Friday, December 17, 2021

Murder by Process

It was a great company to work for. The folks were all so nice, the training program was robust, and the work was interesting. It was a family-run business that really felt like family. After a rough 5 years with a big consultancy, it felt like a safe place to land. It was the kind of company that held its own annual chili cook-off, gave every employee a gym membership, where the CEO regularly invited programmers and testers and admins and agents to lunch and listened to them, and you actually looked forward to the monthly all-hands meeting.

The project management team was a good team with a decent manager. We liked each other, helped each other out, and had lots of conversations about doing things better. We were earnest and eager young professionals, most of us holding the title “project manager” for the first time.

We decided that we needed to develop some standard processes and all use the same project management tools to make it easier to track the status of all our work across the different software products we produced and supported. We were in the mode of doing small waterfall/iterative projects, each of us often managing several projects at one time. We settled on Microsoft Project and then turned to standardizing our PM processes and plans.

All of this was reasonably useful, by the way. I enjoyed the vigorous discussions we had and felt that we made solid choices. There were some compromises made but overall, for the types of projects we mostly did, none of it felt too heavy. 

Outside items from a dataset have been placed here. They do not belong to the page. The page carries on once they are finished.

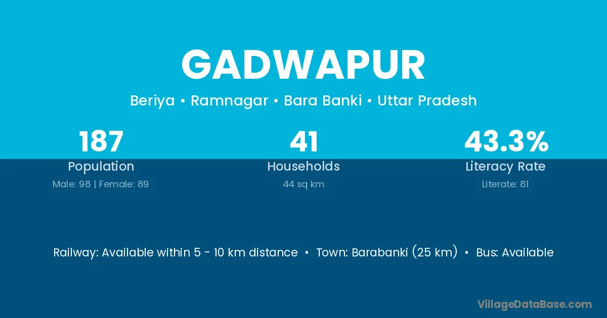 Barabanki (25 km) is the nearest town to Gadwapur village for major economic activities and is located approximately 25 km away.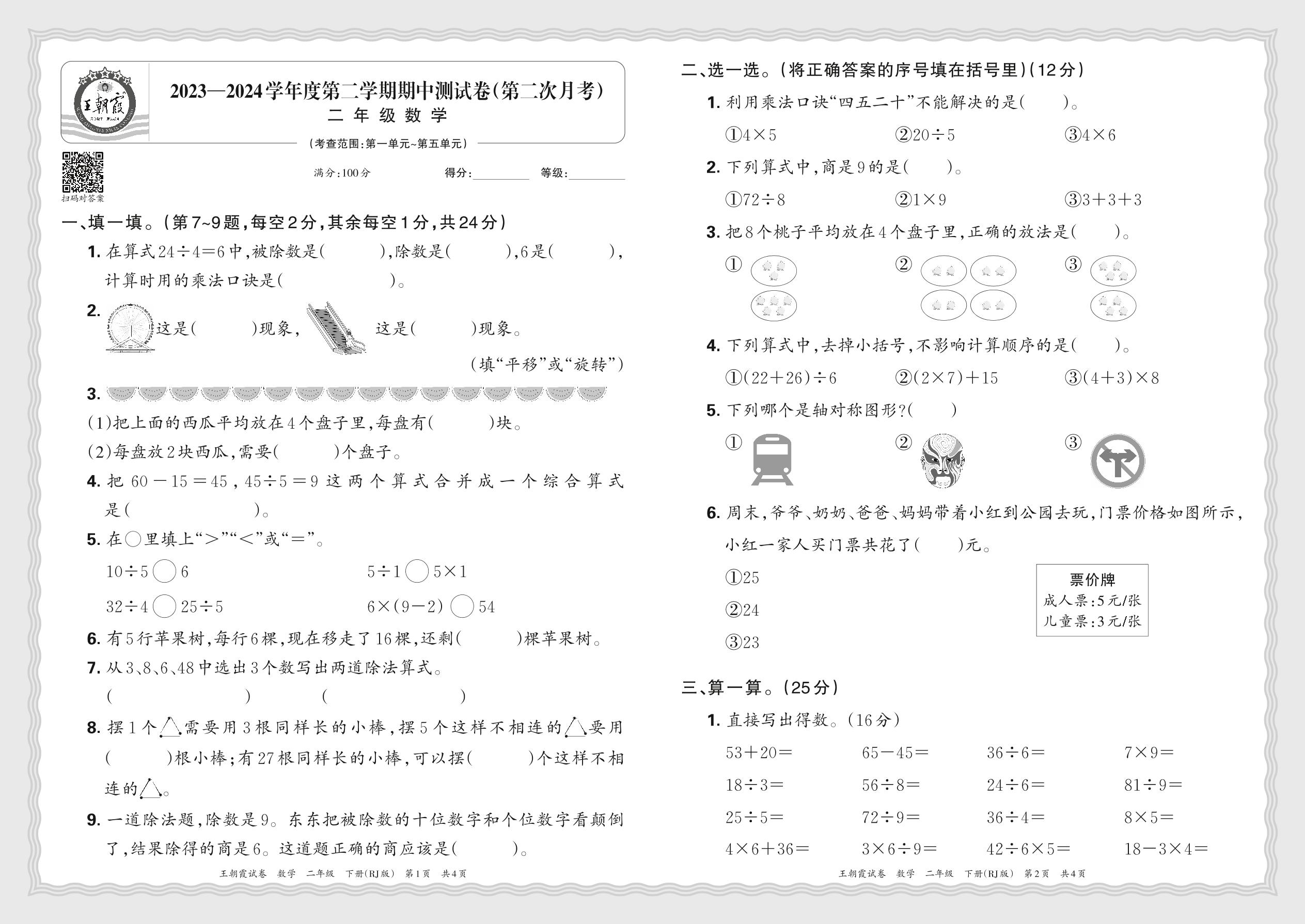 2023—2024学年度第二学期期中测试卷(第二次月考)二年级数学(人教版)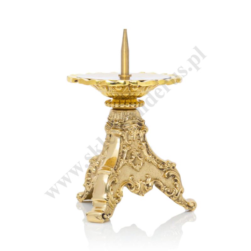Lichtarz o wysokości 12 cm wykonany z odlewu mosiężnego.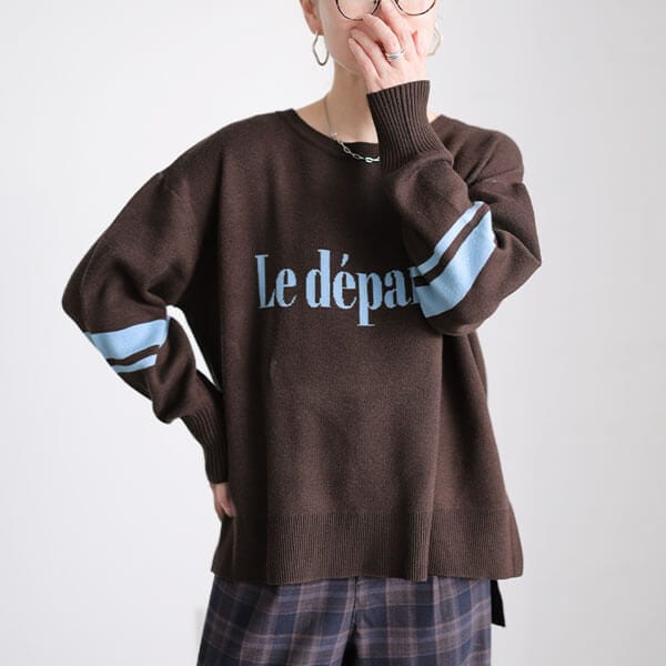 一枚で洒落顔になれる、ロゴ&ライン配色ジャガードニットの登場です☆抜け感のあるルーズシルエットでぽっちゃり体型をしっかりカバー◎身幅はもちろん、腕ぐり・肩周りにもゆとりを持たせた設計で窮屈感のないラフな着心地です。後ろが長めに設定された前後差のあるステップヘムでヒップラインをカバーしながらこなれ感をプラス♪目を惹く配色ロゴ・ラインも相まって視線が上に集まり脚長効果も期待できます!

The only problem was that I quickly became the contrarian. I didn’t set out to be, but you know how it goes. I was working with the web team almost exclusively. I started out with a small site design for a subsidiary company. The creative component of web design appealed to me. I liked the team I was working with. My product manager was the wife of an astronaut and given to wildly personal confidences over the salads at lunch. The business analyst was a working musician with a voice like an angel. The webmaster was a fidgety and flirtatious drummer who was a bit of a genius at graphic design. The dev manager was a bass player known for always ordering the largest and most expensive item on the menu whenever we had a team lunch. The QA manager was a handsome Italian-American-Mormon with some weird hang-ups. Over the course of multiple projects, we evolved into a tightly knit, scrappy little family.

For a big internet project like redesigning a site or adding major functionality, the established project processes worked just fine. We had natural and distinct design/code/test/launch cycles of the work. Breaking a big project into multiple releases still worked within the methodology. But our leadership decided that every website task we did had to fall within a project and be managed as such. Adding a link, refreshing some content, building one or two new pages, or other small site-maintenance tasks just didn’t fit into that framework. At that time, self-publishing tools such as marketing teams use everywhere now just didn’t exist, so all website changes went through IT. I found myself wedged into a corner called “do what you’re told and make everyone miserable or do it the right way and get yer ass fired.” Not a fun place to be.

“I need an alternative to our PM process for this type of work,” I told my manager. “My stakeholders are frustrated because things take too long.”

“You’ll just have to bundle all of their requests into a project,” she told me.

“But that will delay our response for possibly weeks,” I retorted. “And there’s no value in grouping tasks together into projects if they really aren’t a project. There’s no relationship between them, so there’s no synergy in projectizing them.” (Consultant-speak oozing out of every pore. I don’t deny it.)

“That’s the way we do things,” she said. “They’re going to have to get used to it.”

Dear reader, they didn’t get used to it. The marketing department loved our work but they hated our processes so much they hired their own webmaster and cut us out of the loop completely. Turns out, about the time I was fighting this battle, something called Agile was crawling out of the swamp. Maybe it would have saved me. Maybe not. More on that later.